Dwa teatry

Minął półmetek pierwszego sezonu, podczas którego stołeczny Teatr Powszechny i bydgoski Teatr Polski pokazały swoje nowe oblicze. Niedawni bliscy współpracownicy: Paweł Łysak i Paweł Wodziński, realizują dwie różne formuły teatralne.

Paweł Łysak kierował Teatrem Polskim w Bydgoszczy przez niemal dekadę. Kiedy został jego dyrektorem, była to scena o znaczeniu przede wszystkim lokalnym (choć odbywał się na niej też coraz ważniejszy Festiwal Prapremier, zapoczątkowany przez Adama Orzechowskiego). W ciągu zaledwie kilku lat TPB stał się marką rozpoznawalną w całej Polsce, a zdaniem wielu wręcz jedną z najważniejszych scen w kraju. Reżyserowali tu twórcy znani i cenieni – Maja Kleczewska, Jan Klata czy Michał Zadara. Pojawiały się też gwiazdy dopiero wschodzące, wyławiane przez dyrekcję – kariery z prawdziwego zdarzenia zaczynali w TPB choćby Wiktor Rubin i Wojciech Faruga. Ważniejsza od nazwisk była jednak koncepcja teatru miejskiego, jaką starał się realizować zespół pod kierunkiem dyrektora Łysaka. Bydgoska scena nie miała być autonomicznym światem, żyjącym w sercu miasta, ale od niego oddzielonym. Chodziło raczej o to, żeby teatr jak najsilniej związać z tym, czym żyło jego otoczenie – dlatego pojawiały się w nim nie tylko spektakle modnych twórców czy wywrotowe adaptacje klasyki, ale również przedstawienia dotyczące problemów i historii związanych z regionem, na przykład bydgoskiej Krwawej Niedzieli czy zabójstwa księdza Jerzego Popiełuszki.

Łysak objął kierownictwo warszawskiego Teatru Powszechnego pod hasłem „Teatr, który się wtrąca", zapożyczonym od Zygmunta Hübnera. To w sumie nic nowego – tego samego hasła można przecież użyć również do opisu bydgoskiej sceny pod kierownictwem Łysaka, teatru zaangażowanego w bieżące życie społeczne, prowokującego widza i skłaniającego go do myślenia. Kiedy się przyjrzeć funkcjonowaniu dzisiejszego Powszechnego, widać, że jest próbą przeniesienia na warszawski grunt sprawdzonego w TPB wzorca.

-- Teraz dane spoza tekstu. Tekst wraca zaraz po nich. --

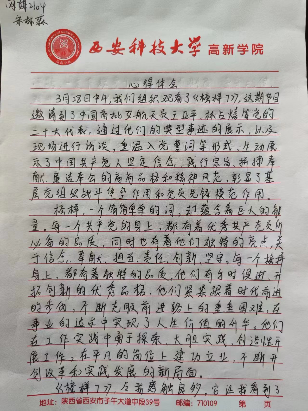 ? ? ? ?希望積極分子同學(xué)能通過這次觀影,學(xué)習(xí)《榜樣7》中的先進(jìn)代表,向榜樣看齊,向組織靠攏。銘記榜樣們想要傳達(dá)的精神,展現(xiàn)新時(shí)代新青年的風(fēng)采,心向榜樣、砥礪前行。

Gdy w konkursie na nowego dyrektora Teatru Polskiego w Bydgoszczy zwyciężył Paweł Wodziński, wielu uznało, że jego kierownictwo będzie prostą kontynuacją działań jego poprzednika. Przecież Łysak i Wodziński byli zawsze bardzo bliskimi współpracownikami. Wspólnie wprowadzali na polskie sceny brytyjskich brutalistów w ramach założonego przez siebie Towarzystwa Teatralnego. Wspólnie kierowali Teatrem Polskim w Poznaniu (gdzie Wodziński pełnił rolę dyrektora, a Łysak – jego zastępcy). Kiedy Łysak objął dyrekcję Teatru Polskiego w Bydgoszczy, Wodziński był jednym z współtwórców sukcesów tej sceny – zrealizował na niej cykl spektakli rozliczających się z dziedzictwem polskiego romantyzmu. Ale chociaż Wodziński aktywnie włączał się w budowę marki TPB pod kierownictwem Łysaka, pod swoimi rządami skierował bydgoski teatr na inne tory. Mylili się wszyscy, którzy przewidywali, że w Bydgoszczy nic się nie zmieni.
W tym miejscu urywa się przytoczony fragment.